Pre-draft measurables
| Height | Weight | 40-yard dash | 10-yard split | 20-yard split | 20-yard shuttle | Three-cone drill | Vertical jump | Broad jump | Bench press |
| 6 ft 1 in (1.85 m) | 189 lb (86 kg) | 4.40 s | 1.56 s | 2.55 s | 4.25 s | 6.91 s | 36.5 in (0.93 m) | 10 ft 4 in (3.15 m) | 10 reps |
All values from NFL Combine

===New Orleans Saints===
Morgan was signed as an undrafted free agent by the New Orleans Saints on July 27, 2011. Little known at the beginning of training camp, he became a focus of attention after he scored touchdowns in consecutive preseason games, and was considered a strong candidate to make the regular season roster until he suffered a knee injury. He was placed on injured reserve on September 3, 2011.

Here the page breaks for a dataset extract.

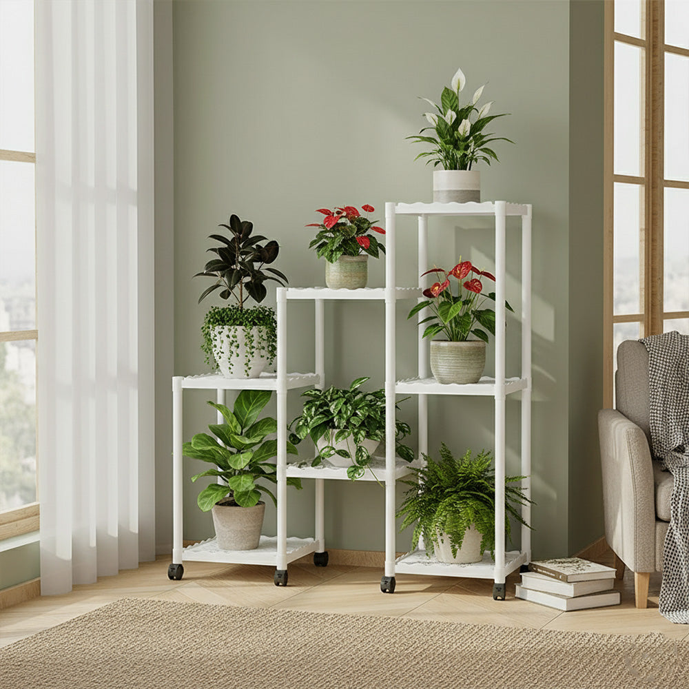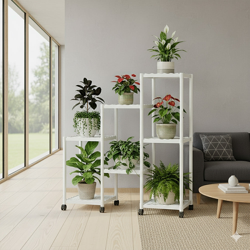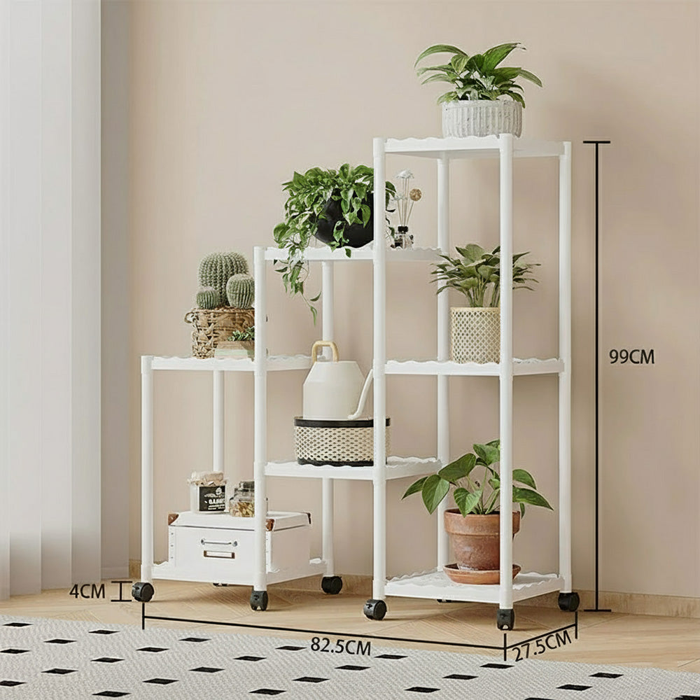 بتصميمه الأنيق على شكل درج، يُضفي هذا الرف توازنًا بصريًا وأناقة على أي غرفة، مثالي لغرف المعيشة والشرفات والمطابخ والمكاتب. عجلاته الأربع المتحركة بسلاسة تُسهّل تحريكه، بينما يضمن هيكله المتين ثباته ومتانته.

In 2012 Morgan made the roster as a backup receiver. During the first three games of the season, he had only one catch and little impact, but in the Saints' fourth game, at Green Bay, he caught an 80-yard touchdown pass from Drew Brees for his first NFL touchdown and the team's longest play of the season so far. In the Saints' sixth game at Tampa Bay, he made another spectacular scoring play: after catching a long pass from Brees inside the 10 yard line, he evaded Mark Barron's tackle and managed to stay off the ground, regained his balance and flipped Eric Wright over his head as he stood up, and finally dashed into the end zone before taking a hard hit from Cody Grimm to score what a USA Today writer called "one of the great scoring efforts of the season".

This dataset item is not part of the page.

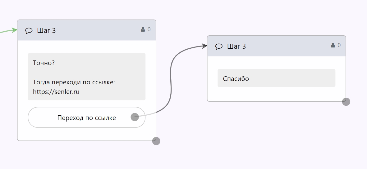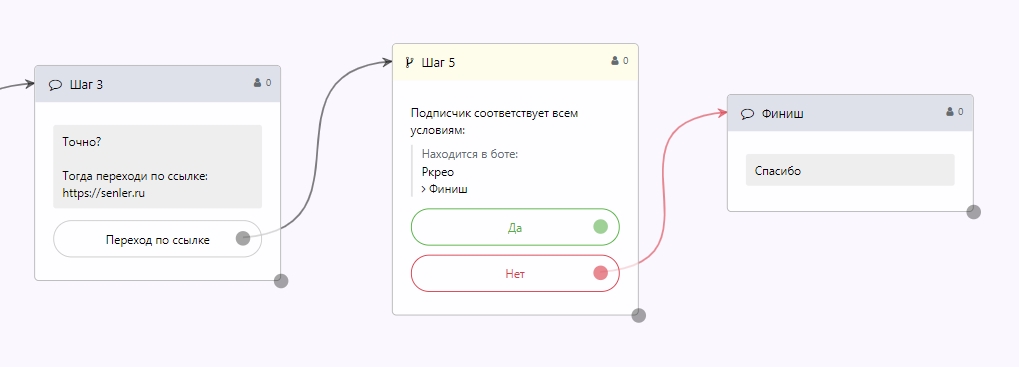 Чтобы шаг после перехода по ссылке не срабатывал каждый раз, необходимо добавить условие: Состоит ли пользователь на следующем шаге.

On August 7, 2013, the Saints announced that Morgan suffered a torn meniscus and a partially torn ACL during training camp practice and will miss the entire 2013 season. On August 27, 2013, the Saints placed Morgan on injured reserve. On October 26, 2014, head coach Sean Payton announced that Morgan was suspended, for reasons which were not given by him. On December 9, 2014, Joe Morgan was waived by the Saints.

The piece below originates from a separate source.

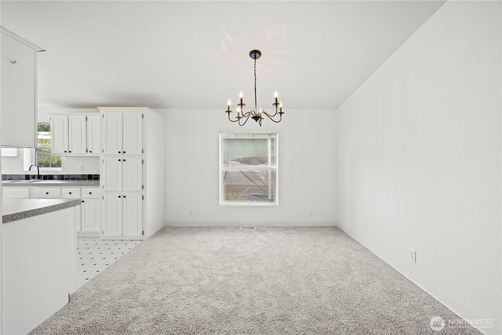 Welcome to this peaceful 55+ neighborhood featuring a super tidy, move-in ready home available. Ideally located close to shopping, dining, and everyday essentials, but tucked away so quietly, many don't even know it's here. This home has been carefully refreshed with fresh interior paint and brand-new carpet. Lighting, faucets, and updated touches throughout. Lovely kitchen has great storage and counter space, a bright breakfast nook, and an open flow into the dining room. Vaulted ceilings and big windows emphasize all the space and natural light in this lovely home. Enjoy the flexibility of two living areas: cozy up to the electric fireplace in the den or move it out into the large living room to suit your style. Big primary bedroom has a walk-in closet and its own bathroom with both a shower and a tub. And on the other side of the home are two more bedrooms with another full bathroom and tub. Great space for your hobbies and crafts or set up an office and a guest room besides. Step outside to the peaceful gardens and a screened in porch. Perfect for enjoying the outdoors in comfort, night or day. Super deep and wide carport parks 2 or 3 cars. And the shed at the end is roomy for all your gardening tools or extra storage. If you're looking for a quiet, low-maintenance lifestyle in a convenient location, this home delivers a warm welcome every time you walk in the door.

Morgan rejoined the Saints on April 2, 2015. He was released on September 5 for final roster cuts before the start of the season. On September 16, he re-signed with the team. On October 24, 2015, he was released by the Saints.

===Baltimore Ravens===
Morgan signed with the Baltimore Ravens on November 4 after placing wide receiver Steve Smith, Sr. on season ending injured reserve. He was subsequently waived on November 23 without having appeared in a game for the Ravens.

===Toronto Argonauts===
On October 5, 2016, Morgan signed a practice roster agreement with the Toronto Argonauts of the Canadian Football League. After spending a month on the Argonauts' practice roster until the end of the season, Morgan re-signed with the Argonauts on December 15, 2016. After playing in the preseason games Joseph was released before week 1 of the 2017 season.

Saskatchewan Roughriders

On July 3, 2017, Morgan signed a practice roster agreement with Saskatchewan Roughriders of the Canadian Football League.